In some formulations of multi-class ROC AUC, it is the case that the AUC estimate is sensitive to relative class frequencies, but this is not true of all mutli-class ROC AUC formulations. Moreover, the ROC AUC formulation in the binary classification case is not sensitive to relative class frequencies. There are numerous performance measures which are sensitive to imbalanced data, such as accuracy, but insensitivity to class imbalance is one of the very appealing advantages to ROC AUC.
This paper develops the idea that binary ROC AUC is insensitive to class compositions, with extended discussion, with the basic idea being that ROC is all about the rates, rather than the absolute numbers of each class. Because ROC analysis measures the relative ranking of examples, class imbalance doesn't change the ROC curve.
In the multi-class case, there are a couple of ways to represent the problem. The class-reference formulation, for example, is sensitive to relative class frequencies. Alternatively, there is a method of combining all 1 vs 1 ROC AUC estimates that is not sensitive to class compositions. This is developed by Hand & Till (2001).

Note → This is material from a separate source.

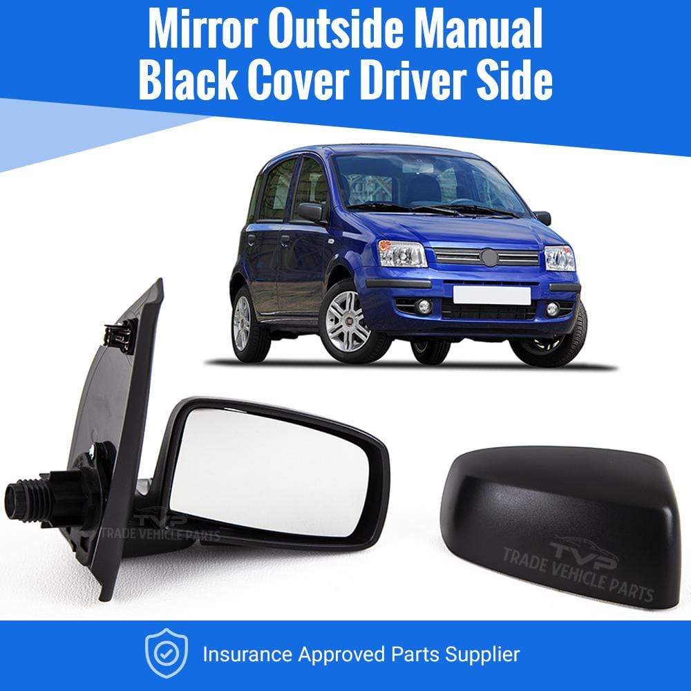 Fits Fiat Panda 2004-2011 Door Wing Mirror Manual Black Cover Driver Side

Tom Fawcett, "ROC Graphs: Notes and Practical Considerations for Data Mining Researchers" 2003. Intelligent Enterprise Technologies Laboratory, HP Laboratories (Palo Alto). (If I recall correctly, this paper was also eventually published in a peer-reviewed journal a few years later. Can't find the reference right now. Same author. Similar title.)
David Hand, Robert Till. "A Simple Generalisation of the Area Under the ROC Curve for Multiple Class Classification Problems." Machine Learning. November 2001, Volume 45, Issue 2, pp 171-186.
This is also developed in A. P. Bradley, "The use of area under the ROC curve in the evaluation of machine learning algorithms." Pattern Recognition, 30:1145-1159, 1997.
Best Answer
ROC curves are insensitive to class balance. The straight line you obtain for a random classifier now is already the result of using different probabilities of yielding positive (0 brings you to (0, 0) and 1 brings you to (1, 1) with any range inbetween).
Nothing changes in an imbalanced setting.